Perkembangan kecerdasan buatan (AI) membawa transformasi mendasar dalam praktik public relations (PR) kontemporer. Artikel ini mengkaji relevansi dan aplikasi model Two-Way Symmetrical Communication yang dikembangkan oleh Grunig dan Hunt (1984) dalam strategi PR yang berbasis AI. Dengan menggunakan pendekatan studi literatur kritis dan analisis konseptual, penelitian ini berargumen bahwa AI tidak sekadar alat otomasi, melainkan enabler yang memperkuat prinsip komunikasi simetris-dialogis antara organisasi dan publiknya.
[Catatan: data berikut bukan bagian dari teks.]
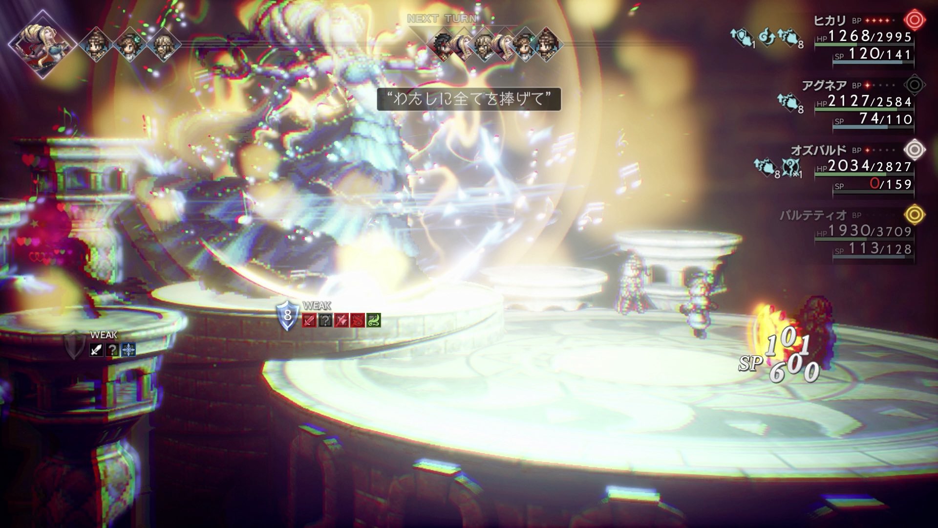 「わたしのすべてをささげて」をくらうとSPをすべて失います。アビリディが使えなくなるので、SP回復アイテムは十分に用意しておきましょう。

Integrasi AI, mencakup analisis sentimen berbasis NLP, chatbot responsif, analitik prediktif, dan sistem pemantauan real-time, memungkinkan organisasi untuk mendengarkan, merespons, dan beradaptasi terhadap kebutuhan publik secara lebih akurat dan cepat. Namun, penerapan AI dalam PR juga memunculkan tantangan etika serius, terutama terkait privasi data, bias algoritmik, dan risiko depersonalisasi komunikasi. Penelitian ini mengusulkan framework AI-Augmented Two-Way Symmetrical PR (AI-TWS-PR) yang mengintegrasikan kapabilitas teknologi dengan prinsip-prinsip etika komunikasi yang berpusat pada manusia. Temuan konseptual menunjukkan bahwa pendekatan simetris yang dimediasi AI berpotensi meningkatkan efektivitas manajemen relasi stakeholder sekaligus memperkuat legitimasi dan kepercayaan publik terhadap organisasi.